### ACTIVITY:
Below, find the line containing "1800,- + Aufg.)" and the line containing "Так, например, апартаменты"; reproduce exactly those two and every line between them, omitting pictures.

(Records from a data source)

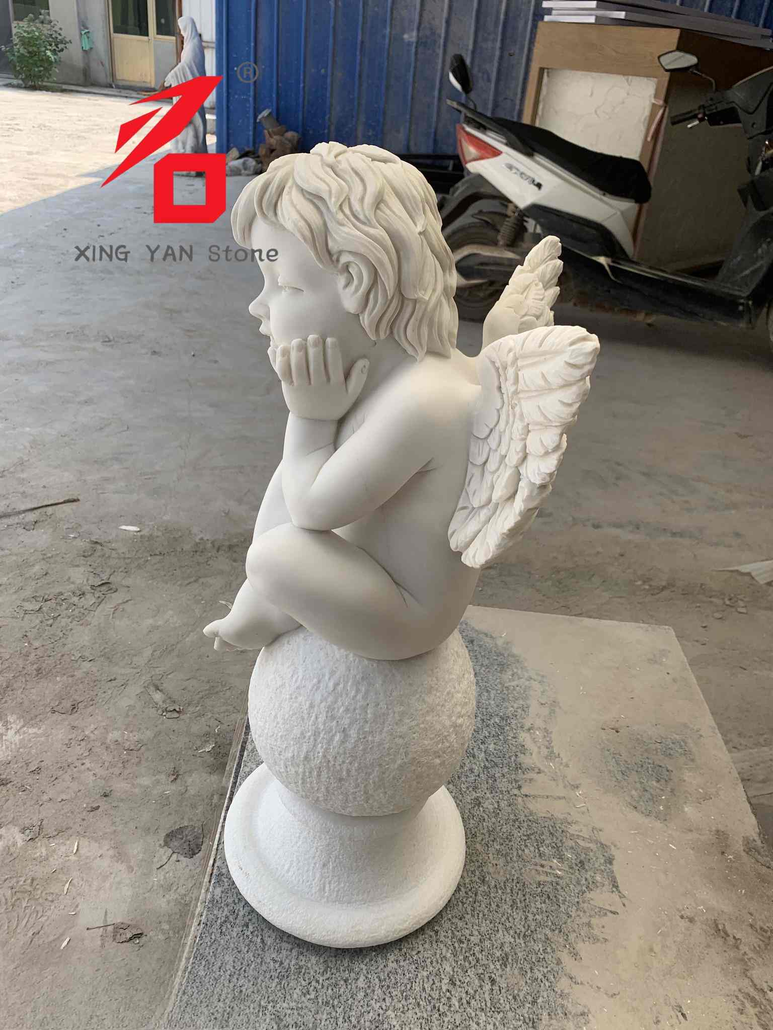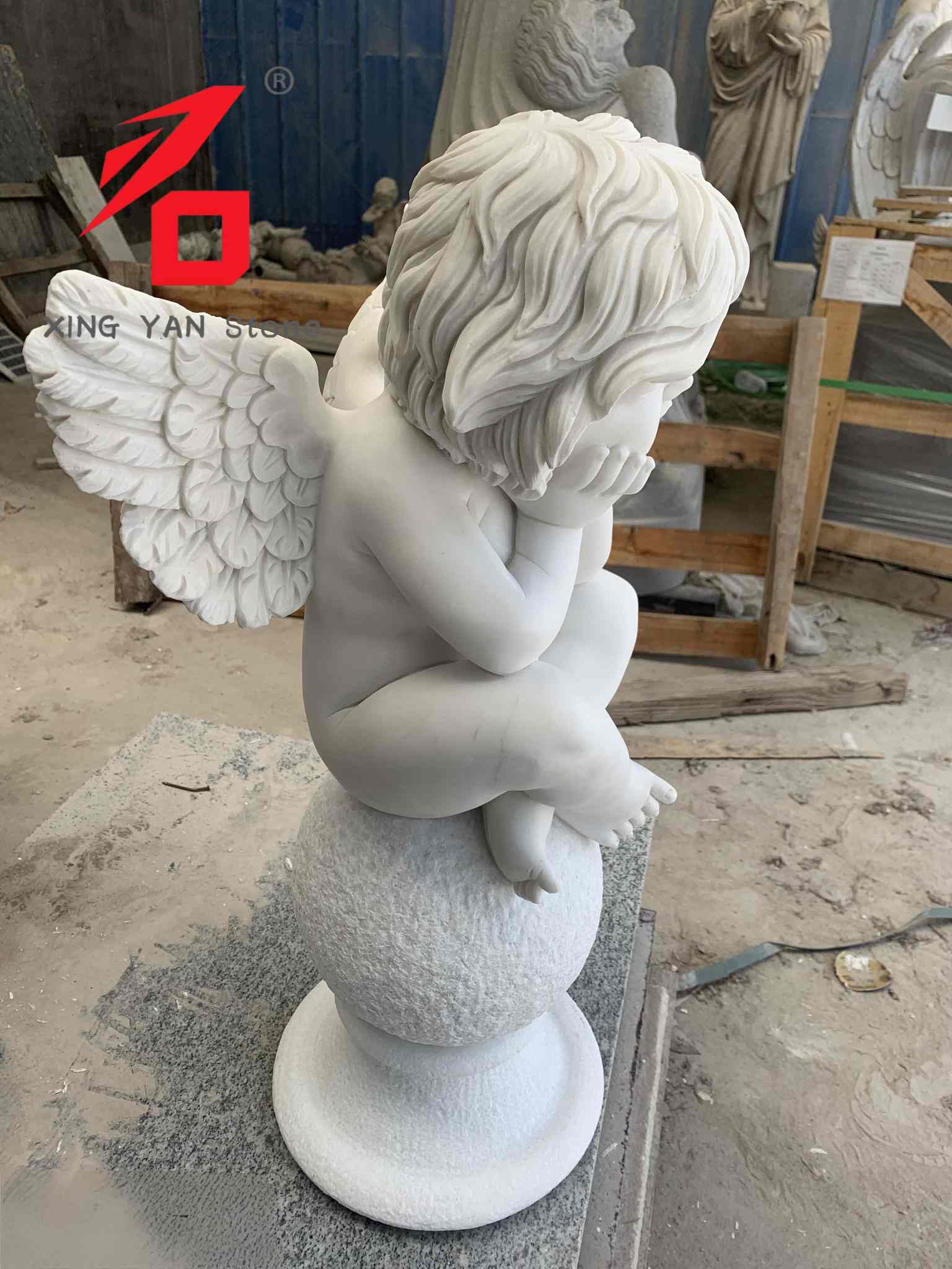 डिजाइन शैली: एक युरोपेली शास्त्रीय शैली अपनाउदै, करूबलाई चिन्तनशील मुद्रामा चित्रण गरिएको छ, हातले आफ्नो चिनलाई समर्थन गर्दै, एक निर्मल अभिव्यक्तिको साथ। उनका पखेटाहरू स्पष्ट रूपमा परिभाषित छन्, र प्वाँखको बनावट फरक छ, समग्र रोमान्टिक भावना सिर्जना गर्दछ जुन युरोपेली बगैंचा, धार्मिक स्थलहरू, वा स्मारक सेटिङहरूको सजावटी आवश्यकताहरू अनुरूप हुन्छ।
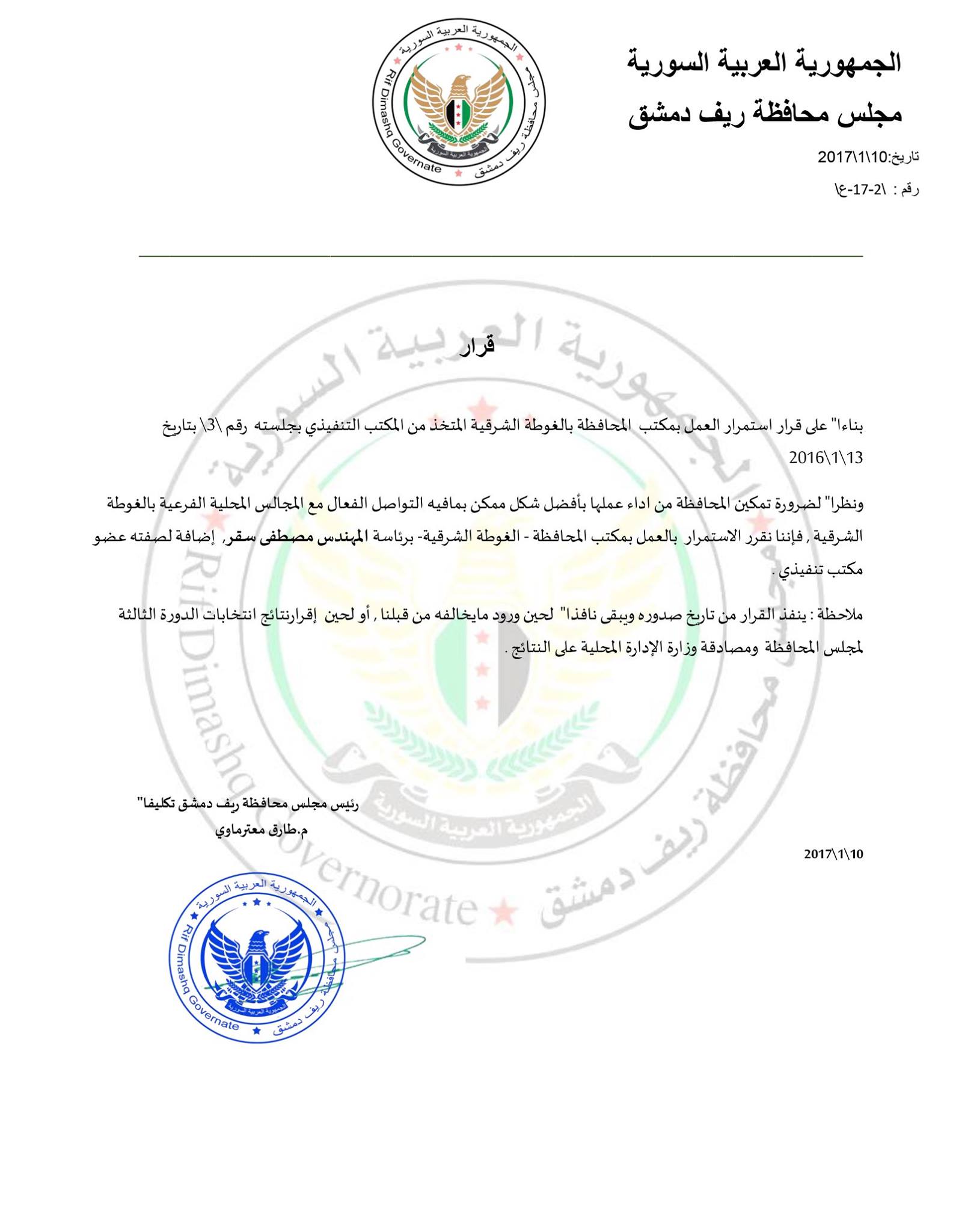 قرار من مجلس محافظة ريف دمشق باستمرار عمل مكتب المحافظة برئاسة المهندس مصطفى سقر
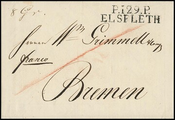 "Elsfleth", 1811, seltener L2 "P.129.P. ELSFLETH" sehr klar auf Brief mit Inhalt aus Bramsche nach Bremen, ex Dr. Marx, sign. Kruschel (Zuschlag 10. Kruschel-Auktion 1978 DM 1800,- + Aufg.)
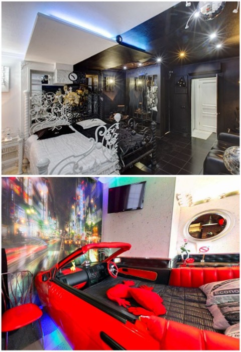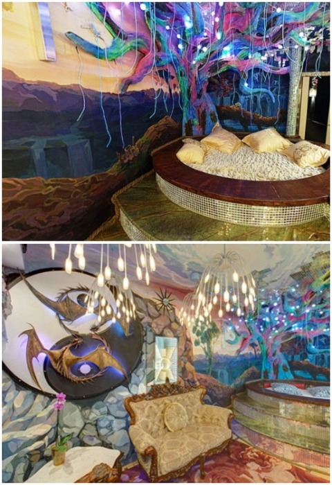 Так, например, апартаменты «Небеса» напоминают небесный пейзаж с огромной кроватью, в виде облака раскачивающегося на цепях и интерьером способным перенести на седьмое небо.
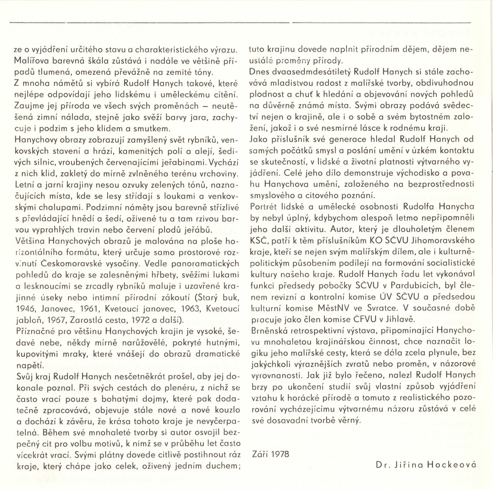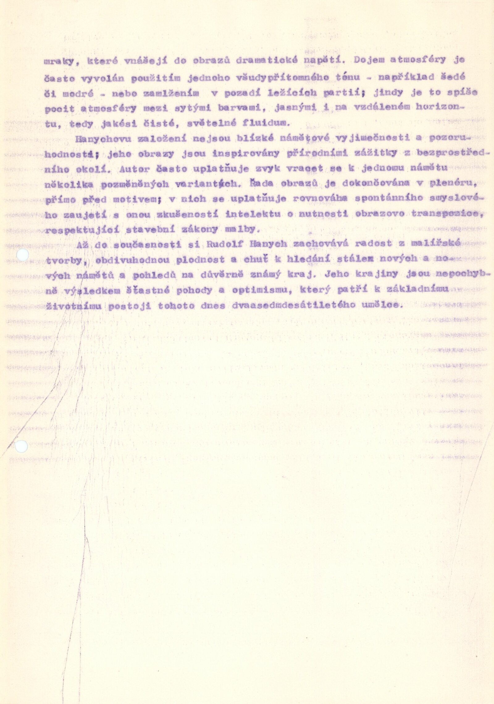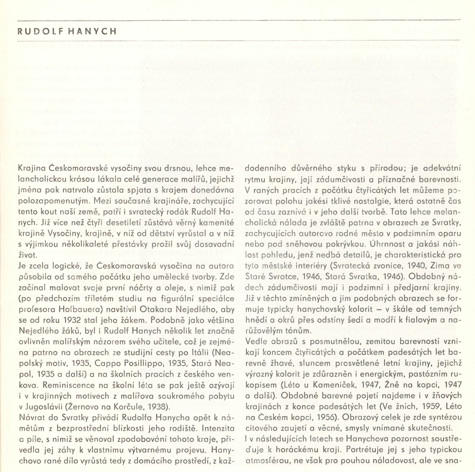 pozvánka, katalogy předchozích výstav (Žďár nad Sázavou 1968, Pardubice 1973, Brno 1975, Jihlava), seznam vystavených děl, fotoreprodukce děl, foto autora, strojopis úvodního textu vernisáže, podklady pro katalog, korespondence (rukopisy Rudolfa Hanycha), provozní korespondence, reversy, žádost o výstavu, recenze v tisku
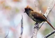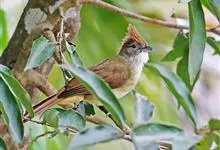 条纹噪鹛是画眉科、噪鹛属中型鸟类,体长28-32厘米。头具短的羽冠,上体栗褐色,飞羽外翻蓝灰色。下体棕栗色,腹以后转为褐白色。除飞羽和尾羽外,所有上、下体羽均具白色羽干纹。极为醒目。野外特征明显,…全部>>
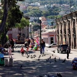 Mit Christin und Thomas fahren wir nachmittags nach Oaxaca. Die Straßen sind wieder voll mit bemalten, schön gekleideten Menschen. Auf einer schönen Dachterrasse stärken wir unsLeia mais
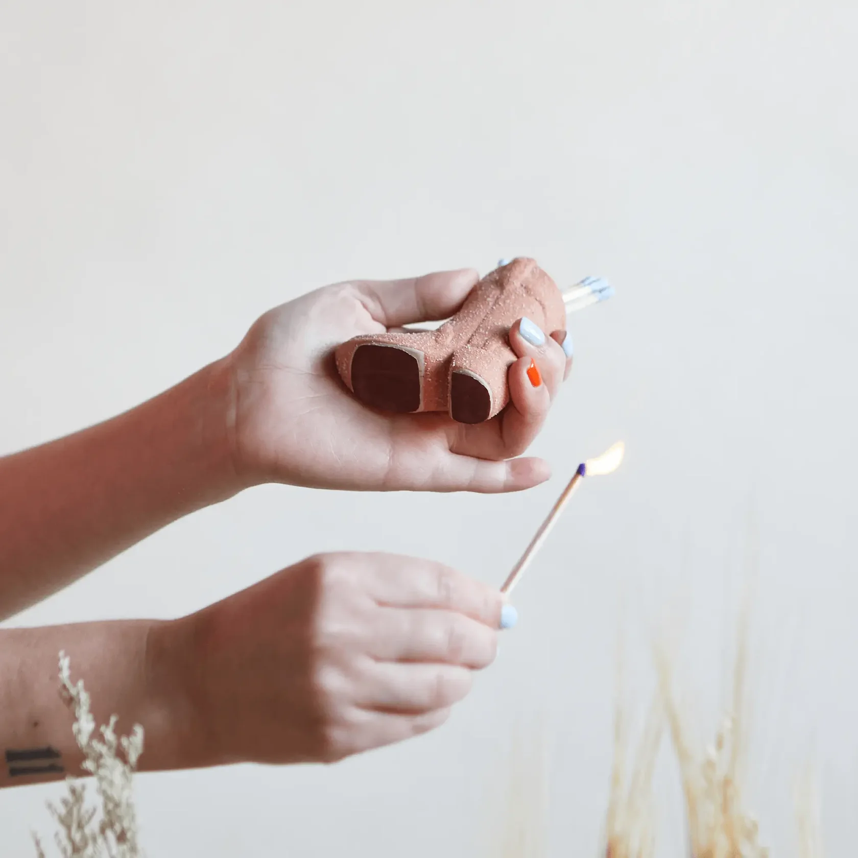 Includes: 25 colorful safety matches with ceramic cowboy boot match holder
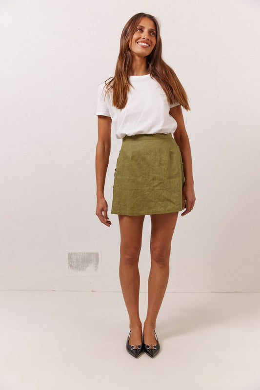SAVE 30%Discoteca Linen Mini Skirt Olive

### ANSWER FOR THE TASK:
 "Elsfleth", 1811, seltener L2 "P.129.P. ELSFLETH" sehr klar auf Brief mit Inhalt aus Bramsche nach Bremen, ex Dr. Marx, sign. Kruschel (Zuschlag 10. Kruschel-Auktion 1978 DM 1800,- + Aufg.)
 Так, например, апартаменты «Небеса» напоминают небесный пейзаж с огромной кроватью, в виде облака раскачивающегося на цепях и интерьером способным перенести на седьмое небо.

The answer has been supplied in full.